Selection of a ready target audience

The target audience are young speeding drivers. By selecting the young drivers, the Pinkie Campaign was able to get a readily available audience that was willing to listen and agree with the message that was being delivered by the campaign. The selection of a target audience depends solely on the message that is to be delivered thus very important in the determination of the success of the campaign.

Promotion of one change at a time

During the entire campaign, the Pinkie Campaign has been promoting one change at a time, as this will allow the drivers to understand fully the message that this being delivered during every change. It is important for the drivers to understand the message as this is the key factor in the determination of the maintenance level of the new behaviour.

Identificationand Removal of behavioural barriers

The Pinkie Campaign was able to understand and eliminate the barriers that might hinder the change into new behaviours by the young speedy drivers. Some of the barriers that were identified include stigmatization from other young drivers where these young drivers are criticized because of having to drive at moderate speeds. Another barrier was time where most of the young drivers complained of lack of enough time, thus having to drive in a hurry. They were therefore taught about time management.

Bringing in real benefits

The Pinkie Campaign showed the young drivers the benefits of having to drive at moderate speeds, which include a reduction in the losses that were experienced by the government and reduction in the number of lives that were lost due to speedy driving.

Highlighting costs of competition

The Pinkie Campaign highlighted the effects of having to compete while driving, which is one of the main reasons that have led to a crop up of speeding drivers.
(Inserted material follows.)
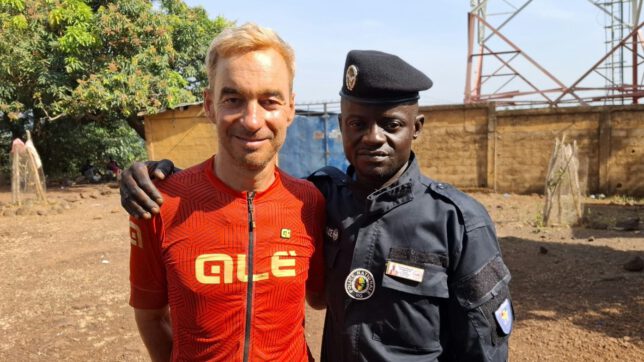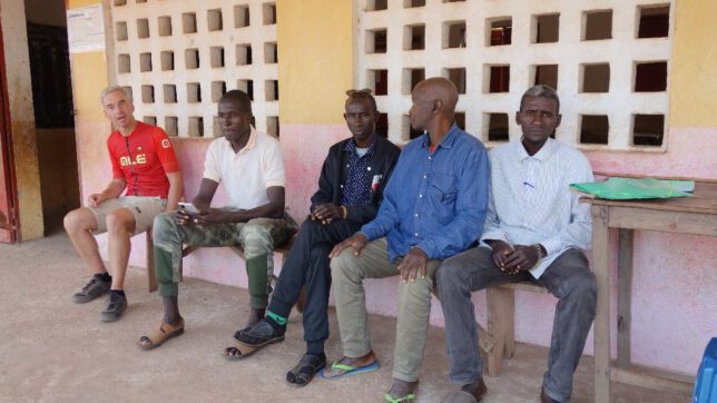 Oft dürfen wir unser Anliegen selbst vortragen und werden dann auch mal mit so heiklen Fragen konfrontiert, wie man denn in unserer Heimat in so einem Fall entscheiden würde. Eine kluge Frage, die ich dem Subpräfekten von Sikhourou in folgenden diplomatischen Worten beantwortete: „Ich wünschte, ich könnte Ihnen berichten, dass in meiner Heimat den hilfsbedürftigen Fremden ähnlich gastfreundschaftlich begegnet wird, wie wir es hier bei Ihnen erfahren haben.“ Die Runde, die in diesem Fall aus dem Dorfpolizisten, dem Bürgermeister, dem Lehrer, dem Subpräfekten und einigen älteren Männern ohne klare Funktion bestand, die alle auf Plastikstühlen unter dem Schattenbaum vor dem Platz der Polizeistation saßen, reagierte mit schmunzelndem Nicken. Dann wurde in der für uns unverständlichen Regionalsprache kurz diskutiert und entschieden, dass wir unter dem schattigen Vordach der Subpräfektur unser Zelt aufstellen dürften. Gleich wurden von den umstehenden Zuhörenden zwei junge Männer bestimmt, die uns in großen Kanistern Wasser vom Brunnen zum Waschen bringen sollten und den Platz kehren, uns die Toilette aufschließen und das Licht anmachen. Das war in der zweiten Woche in Guinea. Tief im Busch, nachdem wir über 70 Kilometer auf einer Lateritpiste weit entfernt von jeder Stadt waren.

The campaign discouraged the spirit of competition among the young drivers considering that this may cause accidents when driving (Brennan & Binney 2010).

References

Bandura, A & Driskell, M 2007, ‘ Self-Efficacy: Toward a Unified Theory of Behaviour Change’, Psychological Review, vol. 84 no. 1, pp. 191-215.

Brennan, L & Binney, W 2010, ‘ Fear, Guilt and Shame Appeals in Social Marketing’, Journal of Business Research, vol. 63, no. 2, pp. 140-146.
Janz, N & Becker, M 2004, ‘ The Health Belief Model: A Decade Later’, Health Education & Behaviour, vol. 11 no. 1, pp. 1-47.
Johnson, S & Zwick, W 2006, ‘ Efficacy of a trans-theoretical model-based expert system for antihypertensive adherence’, Disease Management, vol. 9 no. 1, pp. 291-301.
Prochaska, J & Velicer, W 2001, ‘ Evaluating a population-based recruitment approach and a stage-based expert system intervention for smoking cessation’, Addictive Behaviours, vol. 26 no. 1, pp. 583-602.

Rosenstock, I 2006, ‘ Why people use health services’, Milbank Memorial Fund Quarterly, vol. 44 no. 3, pp. 94–127.

Strecher, V & Becker, M 2008, ‘ Social Learning Theory and the Health Belief Model’, Health Education & Behaviour, vol. 15 no. 2, pp. 175–183.
Tay, R 2002, ‘ Exploring the effects of a road safety campaign on the perceptions and intentions of the target and non-target audiences to drink and drive’, Traffic Injury Prevention, vol. 3 no. 3, pp. 195-200.